US-Israel tested computer worm on Iran: report

WASHINGTON (Agencies)

Stuxnet to have sabotaged nuclear centrifuges

U.S. and Israeli intelligence services collaborated to develop a destructive computer worm to iran_sajil_2
sabotage Iran’s efforts to make a nuclear bomb, The New York Times reported Saturday. In its online edition, the Times quoted intelligence and military experts as saying Israel has tested the effectiveness of the Stuxnet computer worm, which apparently shut down a fifth of Iran’s nuclear centrifuges in November and helped delay its ability to make its first nuclear weapons.

The testing took place at the heavily guarded Dimona complex in the Negev desert housing the Middle East’s sole, albeit undeclared nuclear weapons program. Experts and officials told the Times the effort to create Stuxnet was a U.S.-Israeli project with the help, knowingly or not, of Britain and Germany.

The newspaper cited unidentified intelligence and military experts familiar with Dimona who said Israel had spun centrifuges virtually identical to those at Iran’s Natanz facility, where Iranian scientists are struggling to enrich uranium.

“To check out the worm, you have to know the machines,” an American expert on nuclear intelligence told the newspaper. “The reason the worm has been effective is that the Israelis tried it out.”

The Stuxnet worm apparently included two major parts, one intended to make Iran’s nuclear centrifuges spin out of control.

Another secretly recorded normal operations at the nuclear plant, then played those recordings back to the site’s operators so all would appear usual during the sabotage operation, according to the Times.

Stuxnet targets computer control systems made by German industrial giant Siemens and commonly used to manage water supplies, oil rigs, power plants and other critical infrastructure.

Most Stuxnet infections have been discovered in Iran, giving rise to speculation it was intended to sabotage nuclear facilities there.

Speculation about the Israeli role

There has been widespread speculation Israel was behind the Stuxnet worm that has attacked the computers in Iran, and Tehran has blamed the Jewish state and the United States for the killing of two nuclear scientists in November and January.

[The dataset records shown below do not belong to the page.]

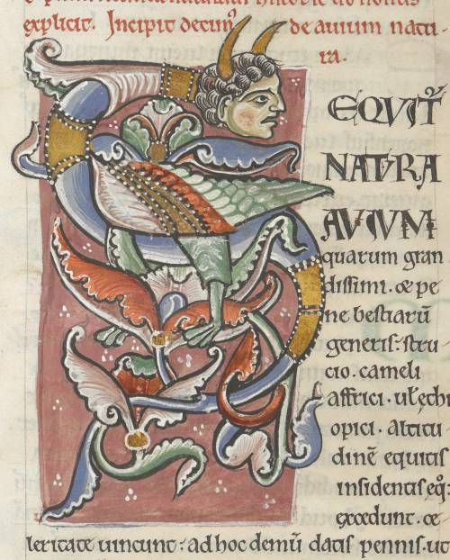 Large zoo-anthropomorphic initial from the Historia naturalis of Pliny the Elder, Arundel MS 98, f. 85v
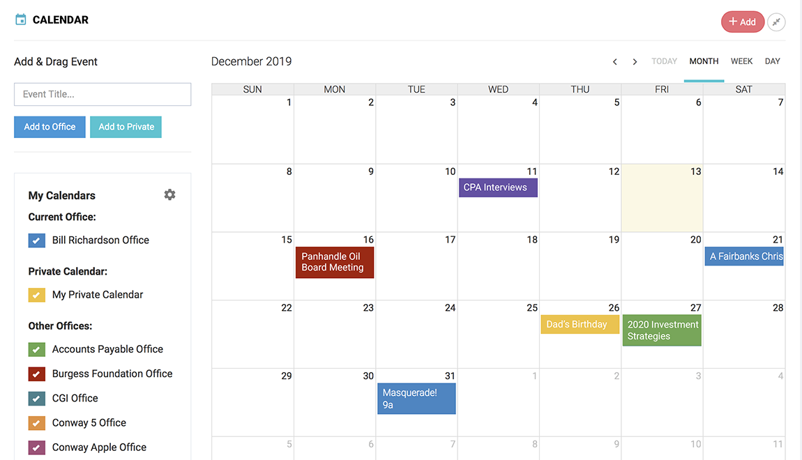 Create color-coded events that only you or selected “virtual office” members can see. Add rich content to make events come alive. Sync inbound, outbound, or bi-directionally with your Google, Outlook, Apple, and other calendars.
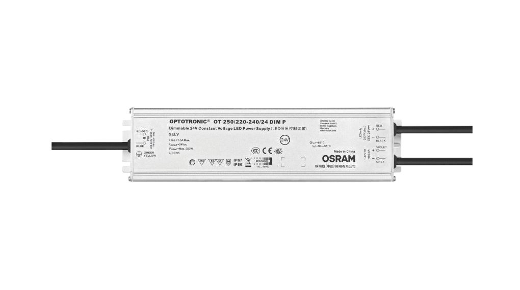This is 24V Output 250W Output Constant Voltage Dimmable manufactured by Osram. The manufacturer part number is OT-250/220-240/24-DIM-P. The product offers a maximum 250w output power . It is dimmable yes . Features a 24v output voltage. It allows to operate using constant voltage. Its input voltage is 264 v ac.
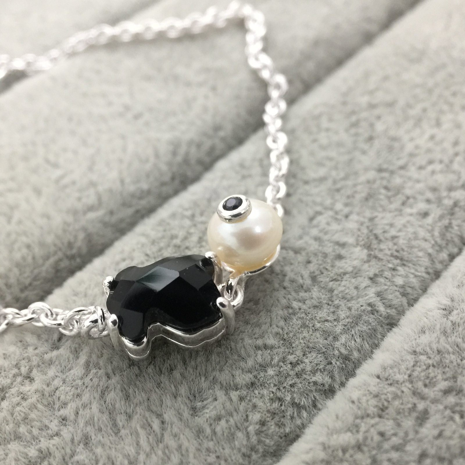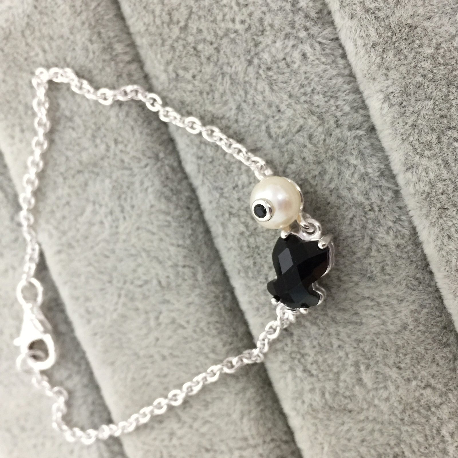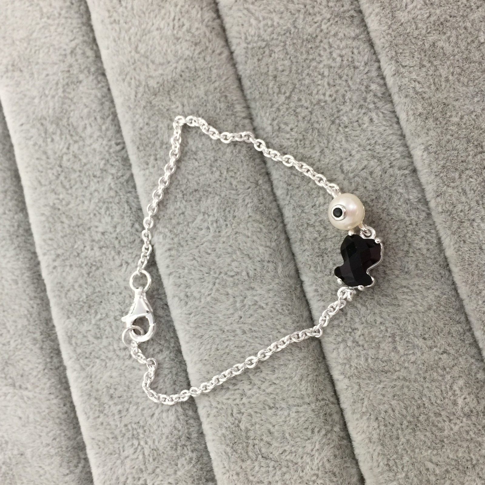 Silver Erma Bracelet with Onyx, Pearl ans Spinel
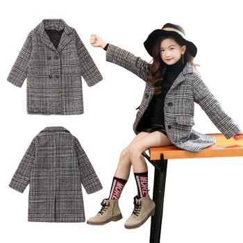 बच्चों के लिए कपड़े कपड़े पहने हुए ऊन ग्रे बच्चों को डबल ब्रेस्टेड जैकेट किशोर बाहर शरद ऋतु के मोटे सर्दियों के कपड़े
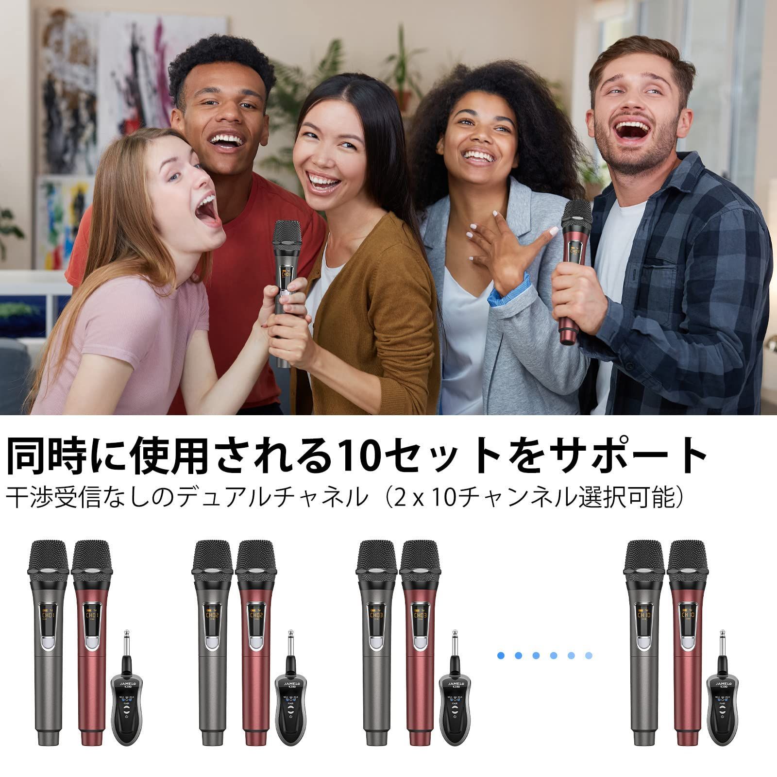 JAMELO ワイヤレスマイク カラオケマイク ダイナミックマイク 2本セット 10チャンネル 長時間使用可能 6.35mmレシーバー付き 無線マイク スピーチ 会議用 ホームカラオケ パーティーに適用 日本語取扱書付き

Iran’s centrifuges have been plagued by breakdowns since a rapid expansion of enrichment in 2007 and 2008, and security experts have speculated its nuclear program may have been targeted in a state-backed attack using Stuxnet.

In November, Iranian President Mahmoud Ahmadinejad said that malicious software had created “problems” in some of Iran’s uranium enrichment centrifuges, although he said the problems had been resolved.

The Times said the worm was the most sophisticated cyber-weapon ever deployed and appeared to have been the biggest factor in setting back Iran’s nuclear march. Its sources said it caused the centrifuges to spin wildly out of control and that a fifth of them had been wiped out.

It added it was not clear the attacks were over and that some experts believed the Stuxnet code contained the seeds for more versions and assaults.

The Times report came as Iran earlier said its controversial uranium enrichment program was progressing “very strongly,” just days ahead of a high-profile meeting between Tehran and six world powers over the Islamic republic’s nuclear program.

Both the United States and Israel have recently announced they believe the program has been set back by several years. U.S. Secretary of State Hillary Clinton pointed to a series of sanctions imposed since June 2009 by the U.N. Security Council and individual countries.

And Moshe Yaalon, Israel’s strategic affairs minister and former military chief, said last month that a series of “technological challenges and difficulties” meant Tehran was still about three years away from being able to build nuclear weapons.

Israel has backed U.S.-led efforts to prevent Iran from developing a nuclear weapons capability through sanctions, but has also refused to rule out military force.

Israel itself is widely believed to have built more than 200 atomic warheads at its Dimona reactor but it maintains an official policy of “ambiguity” over whether it is a nuclear power.